Different pathways have been proposed by Peter and Grooβ [34] for the formation of NAT particles. NAT can be formed by heterogeneous nucleation on ice particles, meaning that the temperature should be below the frostpoint. However, heterogeneous nucleation on background aerosols containing meteoritic material [35], or other condensation nuclei might occur readily below TNAT. Koop et al. [36] rejected the possibility of NAT formation by homogeneous nucleation on STS. Figure 6b shows the number of occurrences of NAT PSCs from 2014 to 2024 at Concordia as a function of T-TNAT and height. TNAT has been calculated using the formula reported in [33], using MERRA2 temperatures and pressures as well as H2O and HNO3 concentrations obtained from MLS (Microwave Limb Sounder) data. It can be seen that NAT has been mainly observed between 1 and 4 K below TNAT, with a maximum occurrence at 2.5 K below TNAT (Figure 6b). This is in good agreement with Pitts et al. [18] who reports the observation of NAT at about 2.5–3 K below TNAT.
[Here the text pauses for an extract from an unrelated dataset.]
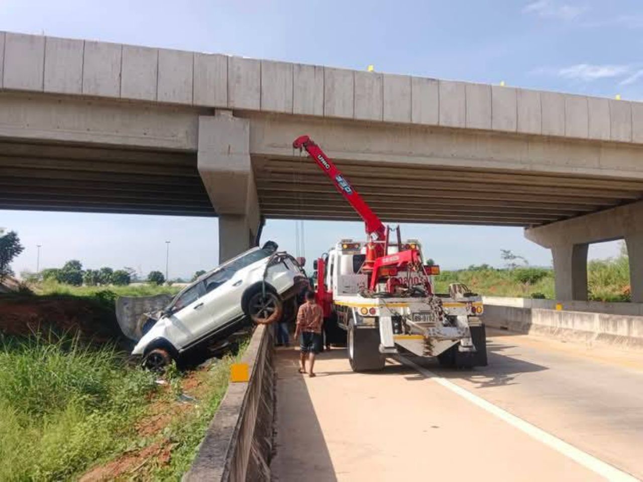 โดยศูนย์วิทยุกู้ภัยพรหมธรรม อ.สีคิ้ว ได้รับแจ้งเหตุเมื่อเวลา 03.46 น. วันนี้ (9 พ.ค.68) จึงส่งทีมกู้ชีพ-กู้ภัยฯ ลงพื้นที่ไปตรวจสอบเพื่อให้ความช่วยเหลือ โดยพบรถยนต์อเนกประสงค์ ยี่ห้อโตโยต้าฟอร์จูนเนอร์ สีขาว ทะเบียน 8 กว 4138 กรุงเทพมหานคร พุ่งตกลงจากมอเตอร์เวย์ M6 มาที่พื้นด้านล่างใกล้กับสะพาน ในสภาพพลิกตะแคงข้าง หน้ารถพังเสียหายจนถึงห้องโดยสาร
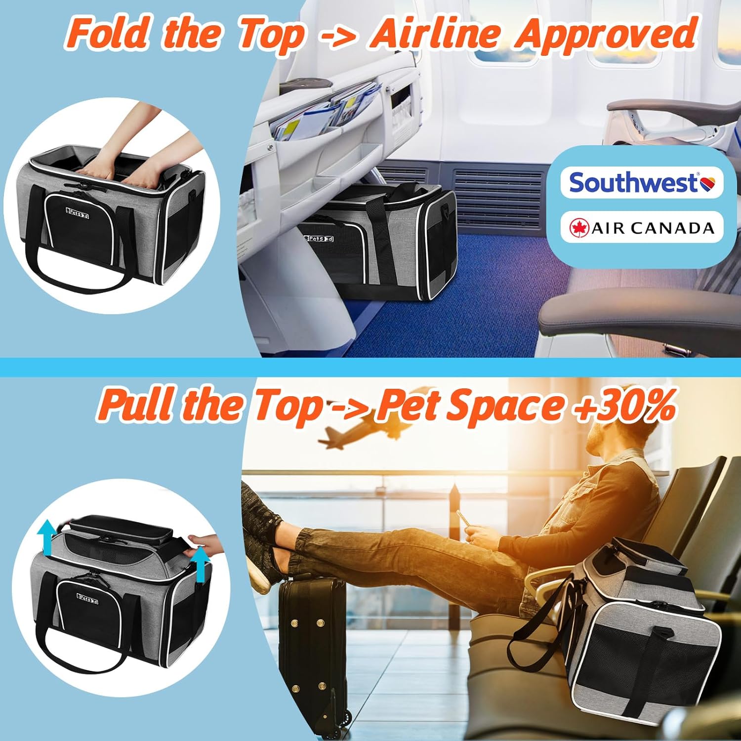 Petskd Top-Expandable Pet Carrier 18x13x9.5 Inches Southwest Airline Approved, Soft-Sided Carrier for Small Cats and Dogs with Locking Safety Zippers and Anti-Scratch Mesh(Grey)

Liquid STS droplets, being ternary solutions with a variable stoichiometry, do not form below a definite threshold temperature but rather grow by a continuous uptake of nitric acid by sulphuric acid aerosols, which becomes massive below 195 K [37]. Several authors reported that STS form typically ≈3.5 K below TNAT [38,39,40,41]. Figure 6c shows the STS occurrences with respect to T-TNAT. Most STS were observed around 3.5 K below the NAT formation temperature. Water-ice PSCs have the lowest formation temperature (about 188 K), the so-called frost temperature Tice (see e.g., [42] or [43] for different methods to calculate the frost point). Homogeneous ice nucleation from SSA (Supercooled sulphuric acid) or from STS occurs typically at Tice − 4 K [36,44,45], while heterogeneous nucleation on NAT particles, occurs already below Tice, but above Tice − 4 K [46,47]. Figure 6d shows the occurrence of ice PSCs at Concordia, showing a maximum around the frost point (Tice). This seems to favour the hypothesis of heterogeneous nucleation on NAT particles. The distribution of the PSC occurrences around their formation temperatures is narrow for STS and ice and broader for NAT mixtures, which is in good agreement with the results reported in Pitts et al. [18] for CALIOP observations in Antarctica between 2006 and 2017 at an altitude of 21 km. Also Tencé et al. [19] reported density distributions of PSCs observed at Dumont D’Urville between 2007 and 2020. It is remarkable that their data, classified using the algorithm proposed by Pitts et al. [18] and thus very similar to the one used in this work, show a different behaviour. STS and ice were observed mainly above their threshold temperature, while NAT mixtures were mostly observed below TNAT. An explanation for observing ice PSCs at Dumont D’Urville above Tice might be that the ERA5 model does not capture local small scale temperature variations while the observation of STS above TSTS is probably due to the fact that STS does not have a well defined stoichiometry and might also include sulfate solutions (H2SO4-H2O) with an less defined threshold temperature.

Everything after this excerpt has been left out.